• What you are asked to do: Leaving out every picture, please repeat exactly the line that contains "随后,活动对表现优异的团队和" and each line after it through the final line below.

• Material for the task:
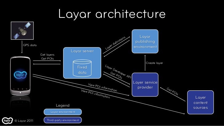 - 5. Layar architecture ns Layar n itio publishing fi de GPS data y er environment La Layar server Get layers Get POIs Create layer La Fixed yer De v data Ge elop tP e OIs r AP I View Layer service POI in forma tion provider Ge View tP POI i OI nform s ation Layer content Legend sources Layar environment© Layar 2011 Third-party environment
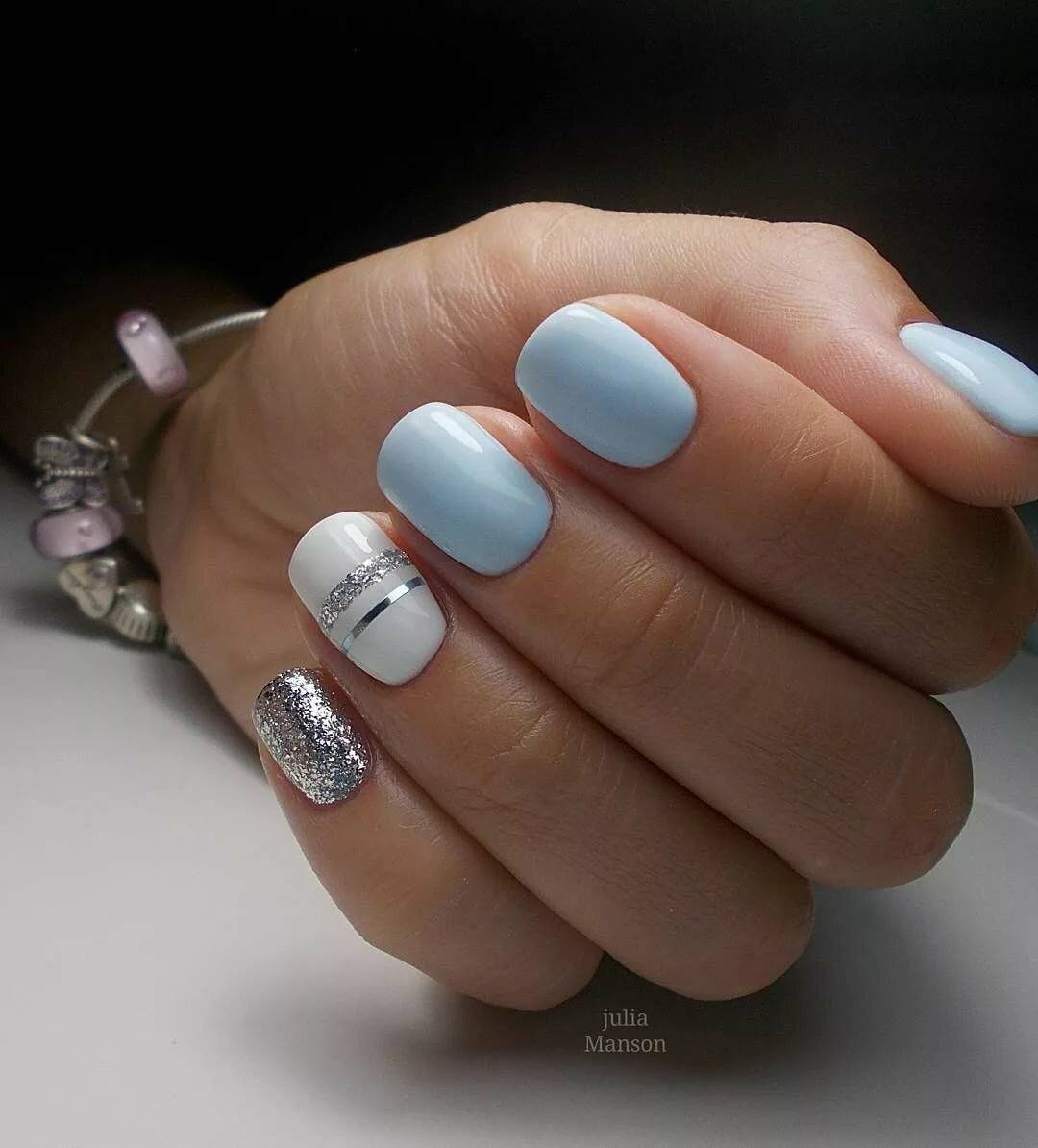 Универсальные варианты, подходящие под любую длину и форму ногтей. Они отлично смотрятся в сочетании с весенне-летними трендами, а голубые пастельные тона задают тренд в зимнем маникюре 2023 года.
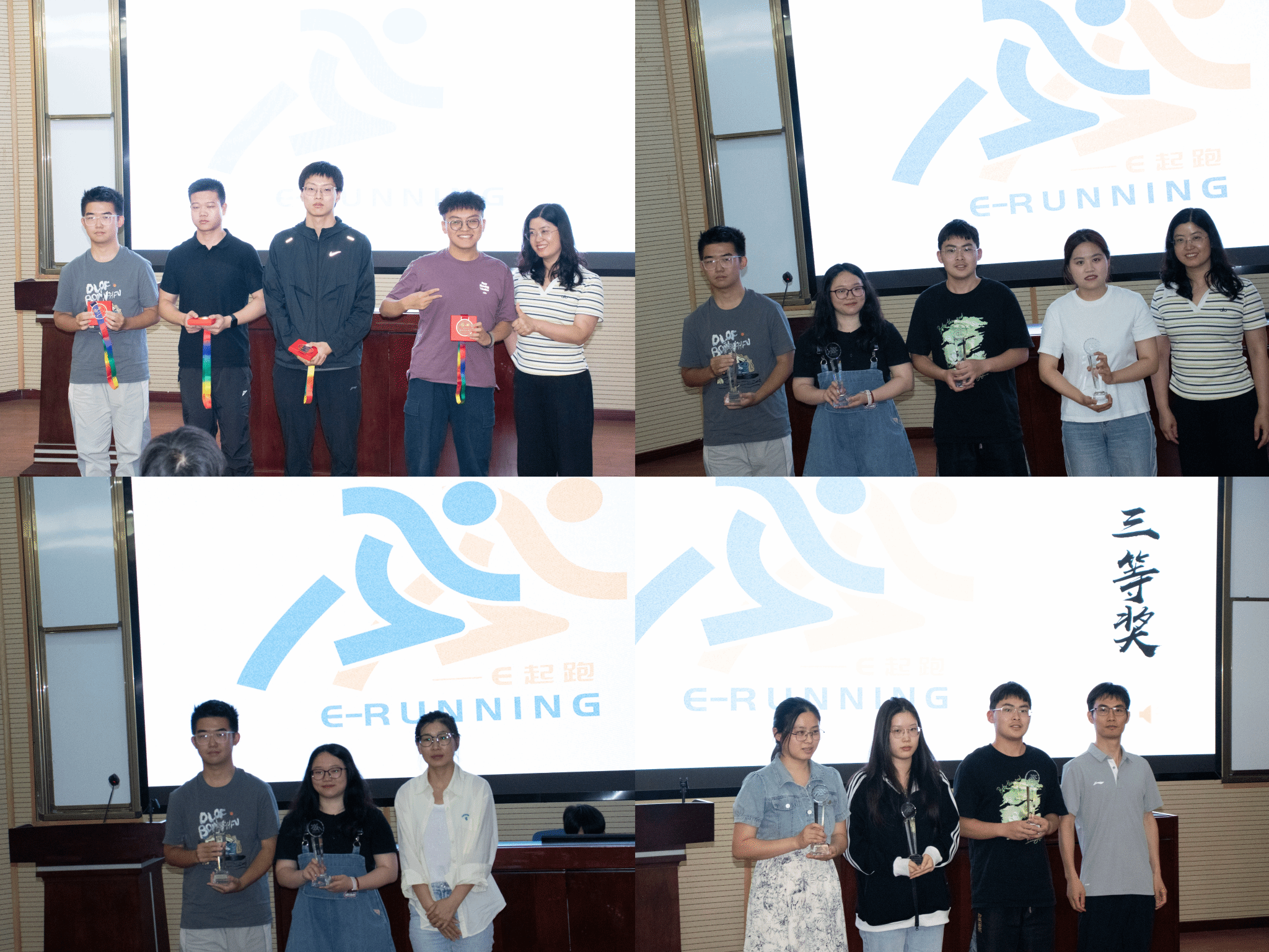 随后,活动对表现优异的团队和个人进行表彰。在众多参与队伍中,2支团队荣获一等奖,4支团队荣获二等奖,6支团队荣获三等奖,共同展现了团队协作的精彩成果。20名跑者凭借突出里程数获评“优秀个人”荣誉称号。由余小英老师、贾佳老师、苏扬老师为获奖代表颁奖并合影留念,鼓励大家延续运动热情,传递奋进力量。
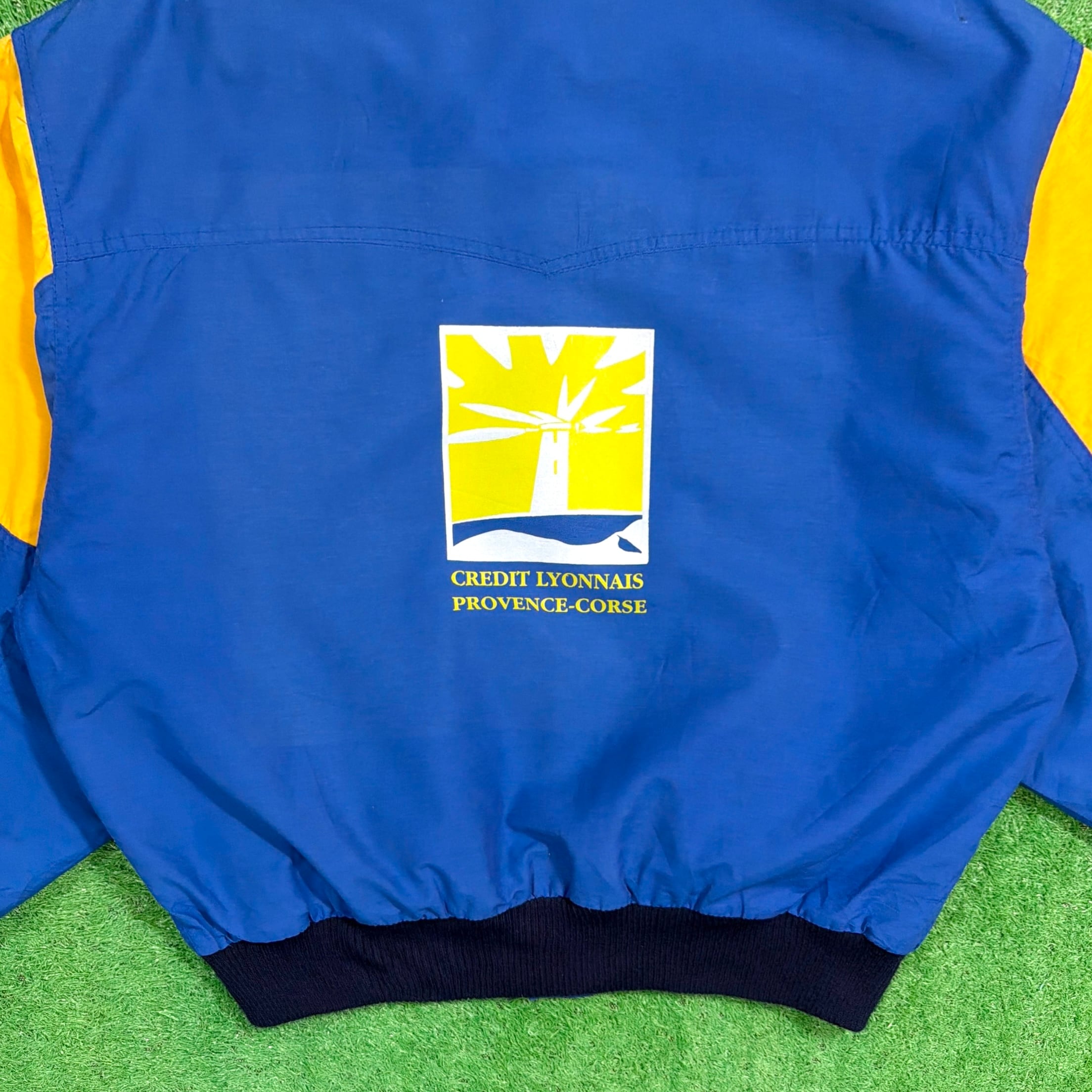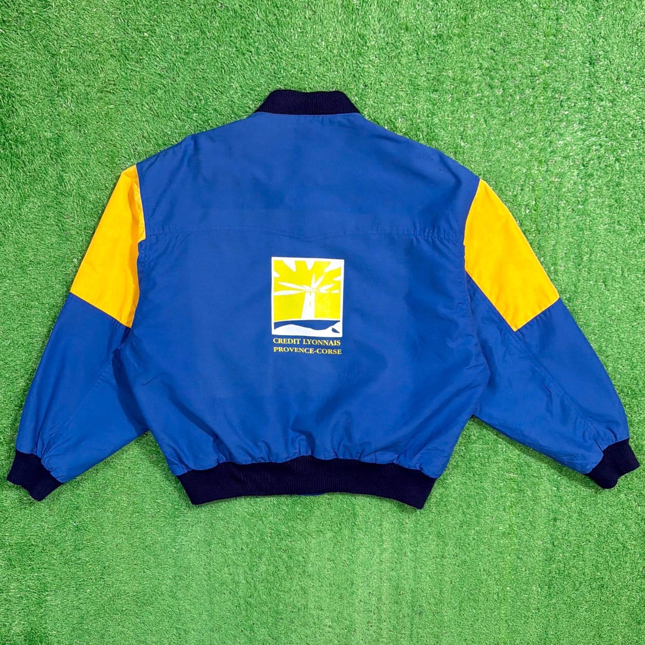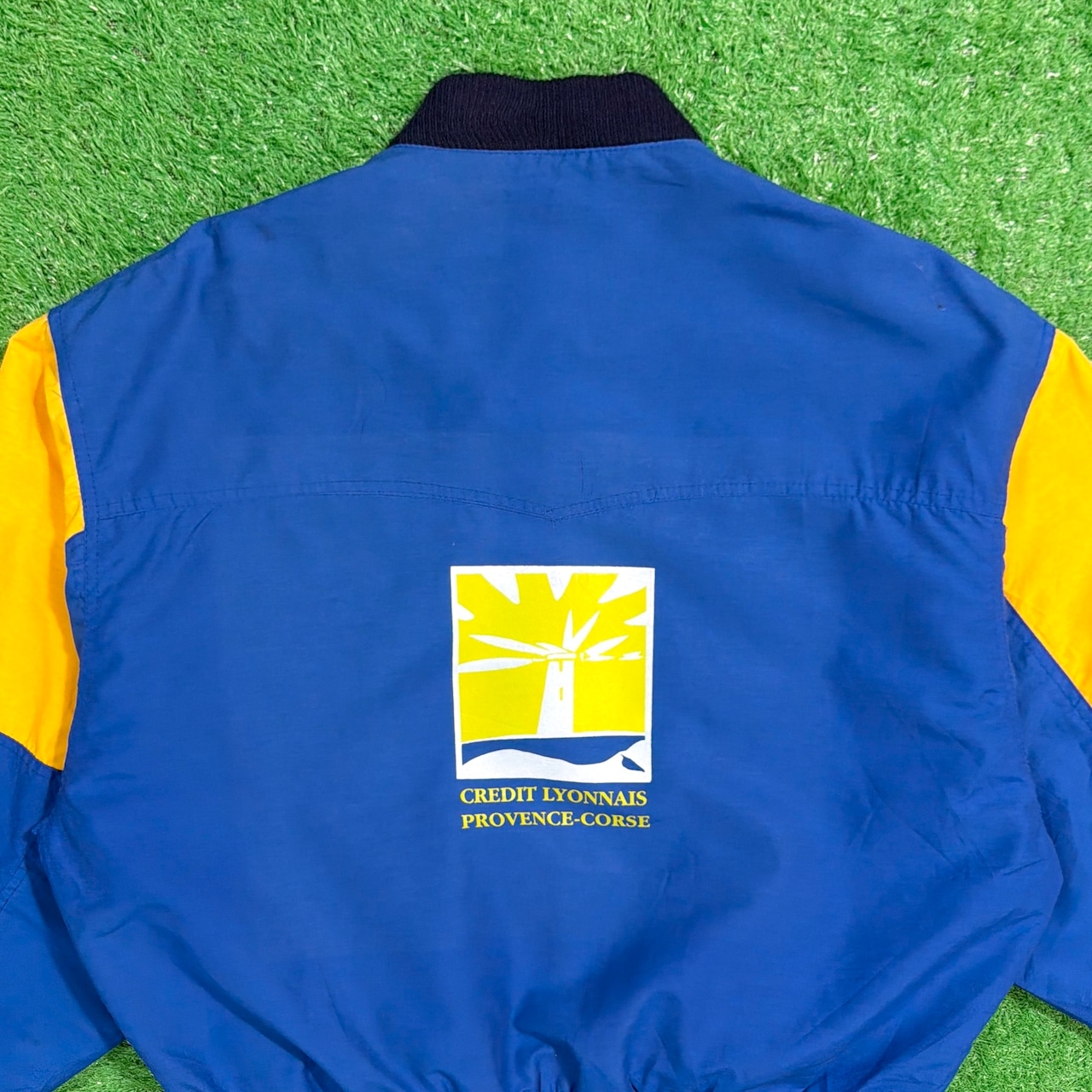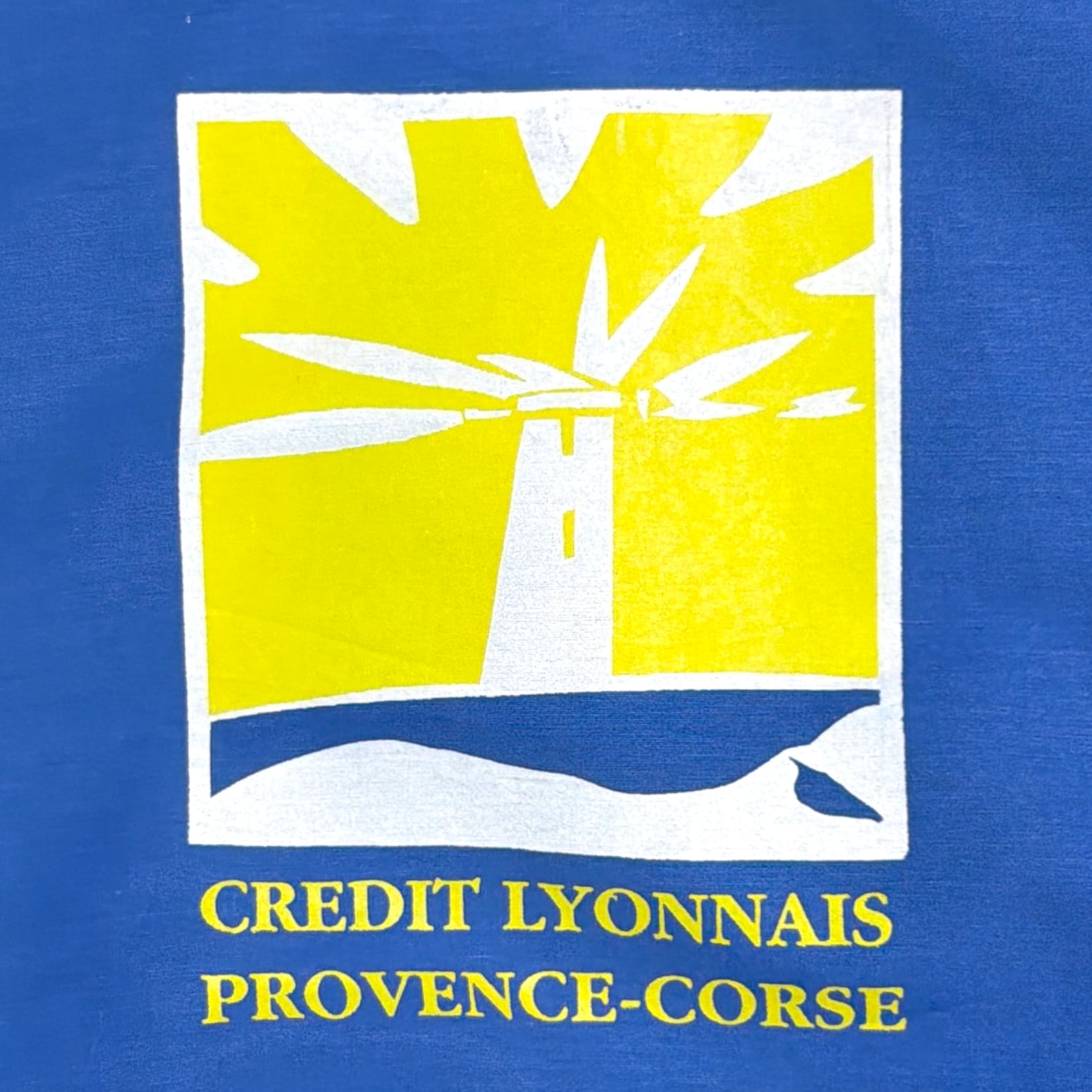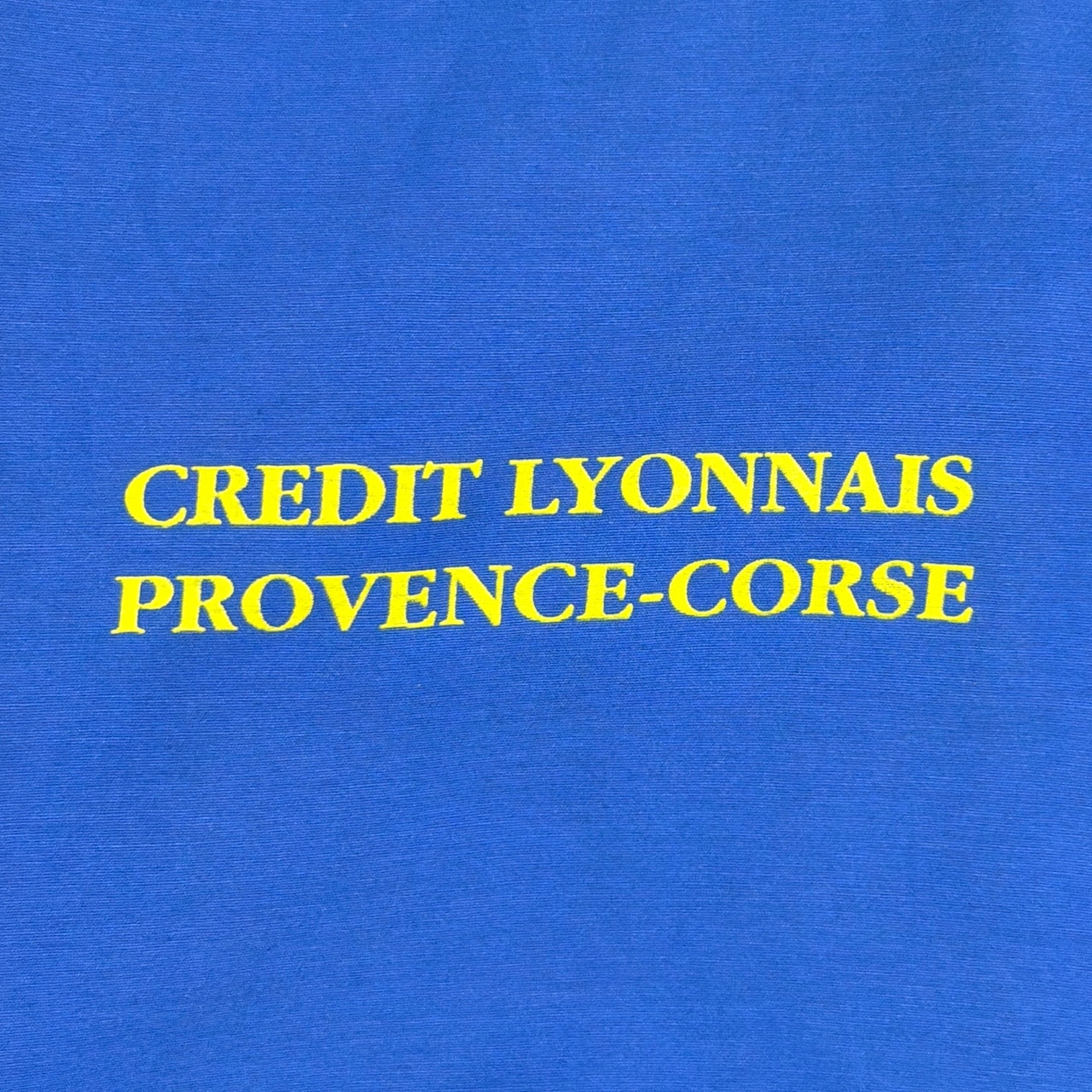 ブルー×イエローの切り返しデザインが印象的で、当時の企業ウェアらしい大胆な配色が目を引きます。背面とフロントには「Crédit Lyonnais Provence-Corse」のロゴが入り、フランス南部エリアの地域支店に関連したアイテムと思われます。ヨーロッパらしい企業モノならではの雰囲気と、80s〜90sらしいスポーティーなシルエットが魅力です。
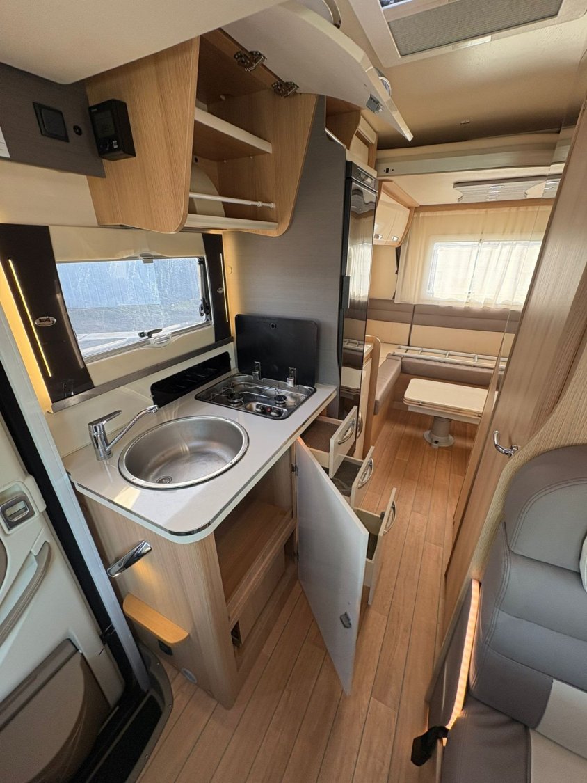 Magnifique profilé Mac Louis MC-4 330 avec salon en U transformable en couchage et lit Pavillon, il possède aussi un lit pavillon a l'avant et banquette transformable, il mesure seulement 6.49 m de gabarit, vous pouvez dormir a 6 personnes.

• Response below:
 随后,活动对表现优异的团队和个人进行表彰。在众多参与队伍中,2支团队荣获一等奖,4支团队荣获二等奖,6支团队荣获三等奖,共同展现了团队协作的精彩成果。20名跑者凭借突出里程数获评“优秀个人”荣誉称号。由余小英老师、贾佳老师、苏扬老师为获奖代表颁奖并合影留念,鼓励大家延续运动热情,传递奋进力量。
 ブルー×イエローの切り返しデザインが印象的で、当時の企業ウェアらしい大胆な配色が目を引きます。背面とフロントには「Crédit Lyonnais Provence-Corse」のロゴが入り、フランス南部エリアの地域支店に関連したアイテムと思われます。ヨーロッパらしい企業モノならではの雰囲気と、80s〜90sらしいスポーティーなシルエットが魅力です。
 Magnifique profilé Mac Louis MC-4 330 avec salon en U transformable en couchage et lit Pavillon, il possède aussi un lit pavillon a l'avant et banquette transformable, il mesure seulement 6.49 m de gabarit, vous pouvez dormir a 6 personnes.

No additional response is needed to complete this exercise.